Michael looked at me to gauge my reaction. I tried to do a “Kids! The Things That They Say,” sort-of smile. But it must have come out a little bit too melancholic, as he took a step towards me and combed his fingers against the back of my hair lightly. Lydia looked round and caught him.
“Oh!” she exclaimed. “And you too, Michaelmas. I feel sorry for you too. You would have been a nearly- norphan too! Come here. Group hug! Group hug!” She wrapped one arm about my leg and the other about Michael’s. He looked inordinately surprised and didn’t quite know how to respond. At the same time, two elderly ladies trundled into the room, flashing sentimental smiles over what must have looked like a familial display of affection. I heard one of them whisper to the other, “That minister – you know the one who…”
Michael cleared his throat, extracting himself from my daughter’s pincer-like embrace.
“That’s very kind of you, Lydia” Michael eventually said “What a charming little girl you can be.”
Lydia headed for the stairs and turned, stabbing her forefinger at Michael;
“Well maybes… if you hugged people a bit more, you might actually have got to be the Prime Minister by now – rather than you just being some old minister-vicar who just waffles on about stuff.”
Michael looked at me and added;
“Less of the ‘charming,’ perhaps.”
After touring the exhibition, we had lunch in the museum cafe. Lydia sat at the table with us for only five minutes, having declined any of the choices of sandwiches.
“Why can’t they do plain old cheese? I’ll
eat summat later.” She sashayed away in the direction of the museum shop. I smirked to myself. Michael asked;
“What’s so amusing?”
“Oh, just thinking about Bev. One of the women who comes to Sisters’ Space. She makes it her mission in life to put me off my lunch every day.”
“How so?”
“Well, every day – without fail – she asks me what kind of sandwich I’ve got. And then she always concocts some kind of disgusting comparison… and re-names my lunch for me.”
“Like?”
“Like last week, she said that my corned beef butty looked like ‘VD scrapings.’ And then… she said that my coronation chicken looked like the contents of her toilet bowl after a dodgy curry from the Brindleford Bismillah.”

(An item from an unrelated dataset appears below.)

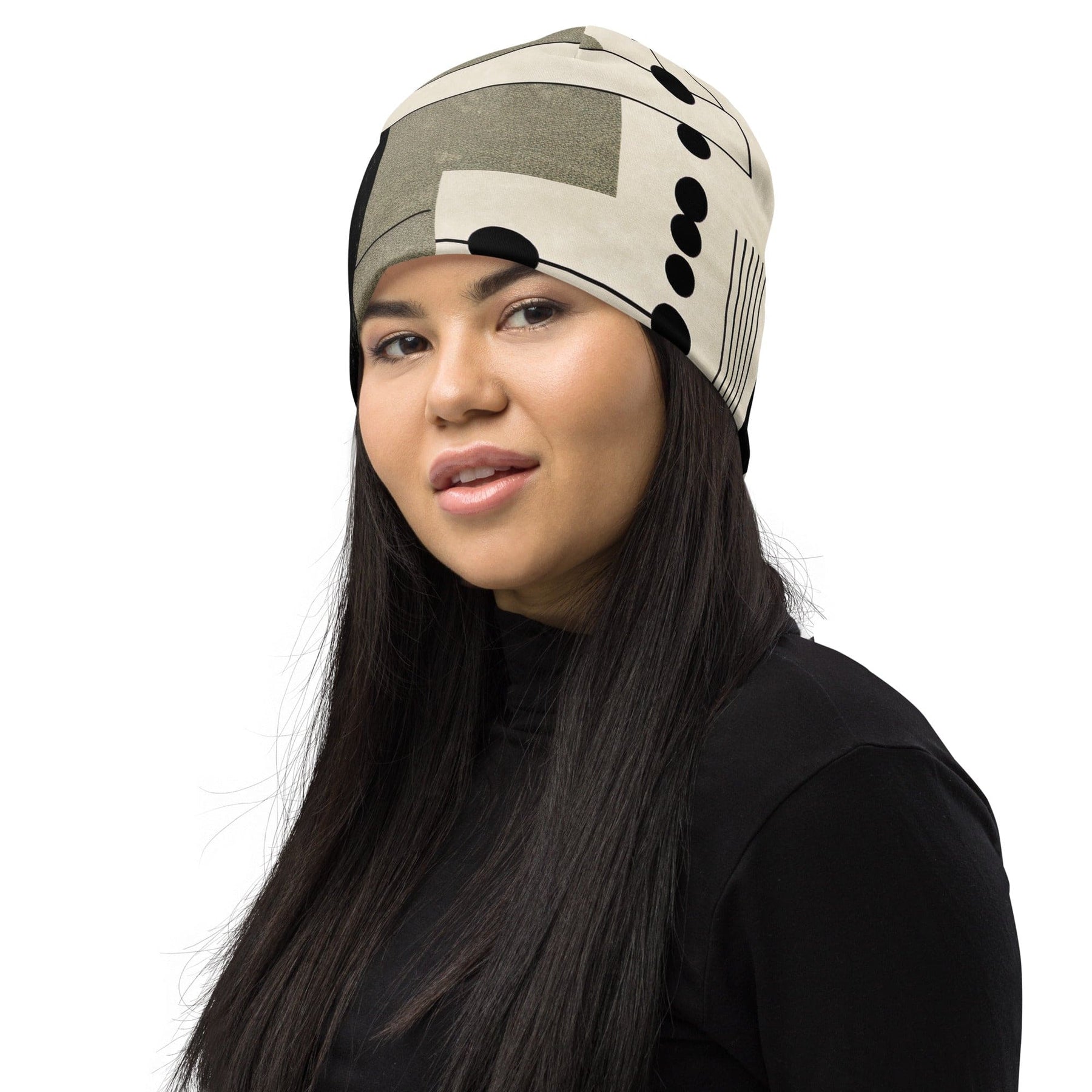 Double-layered Beanie Hat Abstract Black Beige Brown Geometric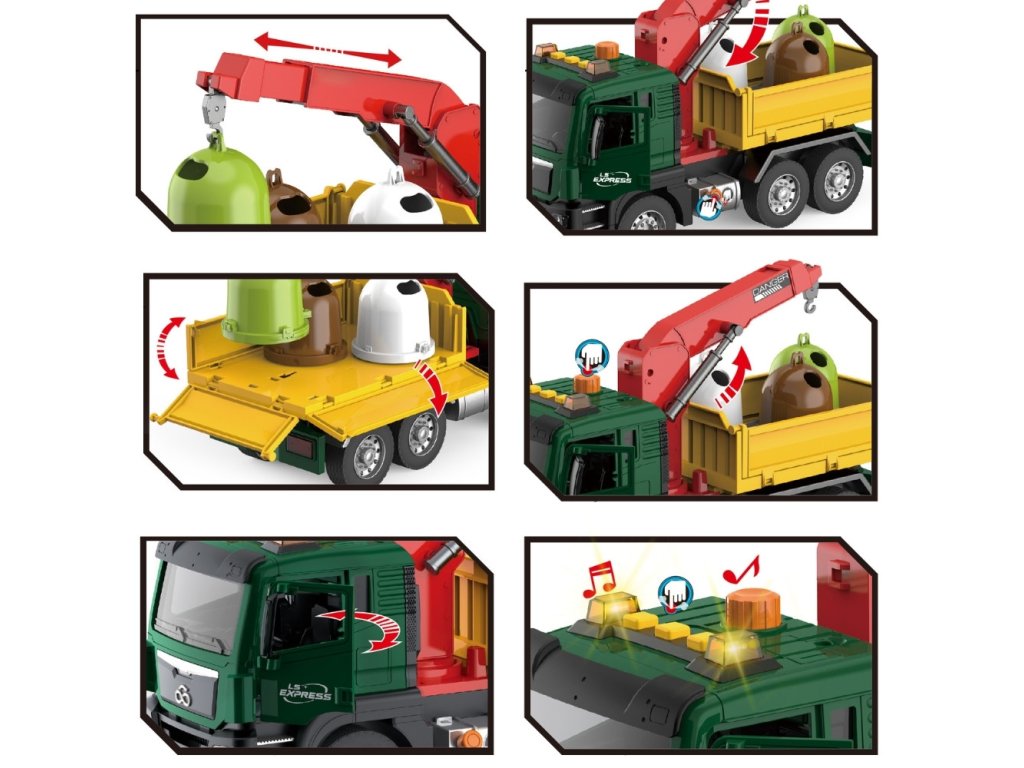 Realistické smetiarske auto s pohyblivým žeriavom je jedinečná hračka pre malých milovníkov mestských vozidiel a poriadku! Tento pevne skonštruovaný model s pohyblivýmprvky a zvukových efektov je nielen zdrojom skvelej zábavy, ale aj poučenia o recyklácii a práci komunálnych služieb.

Michael’s eyes widened. “Interesting woman.”
I nodded.
“But I’m getting good at anticipating her take on things now.”
“So, go on then. What would she say about what you’ve chosen for lunch today?”
I shook my head. “You don’t want to know.” But he persisted.
“Okay.” I took a slug of coffee. “Bev would say something to the effect of… that my hummus and tzatziki pita bread combo resembles a nasty vaginal discharge plastered onto a piece of cardboard.”
Michael laughed. “And mine? What would Bev say that I was consuming for lunch?”
“Well… some might call it bratwurst with lemon mayo; but Bev would say that it looks like ‘someone’s bell-end got infected and that they’re pissing custard.'”
Michael coughed as a remnant of his sandwich got lodged in his throat. His eyes began to water and he gulped some of his water.
“Sorry, Michael. But you did ask. Has the ghost of Bev’s culinary comparisons put you off your lunch?”
He shook his head and grinned, licking the mayonnaise from his lips. “Not at all. I’ve got a stomach of steel. I’ve eaten some strange things in my time in – “
“Yeah – dead rats in Afghanistan or in the trenches of The Somme, or wherever.”
His eyes glimmered. “You’re clearly getting to know me rather too well. But tell me, Rachael. Or rather – please don’t tell me - that you’ve put this Bev character in charge of the menu-setting for your cafe and chocolatiers?”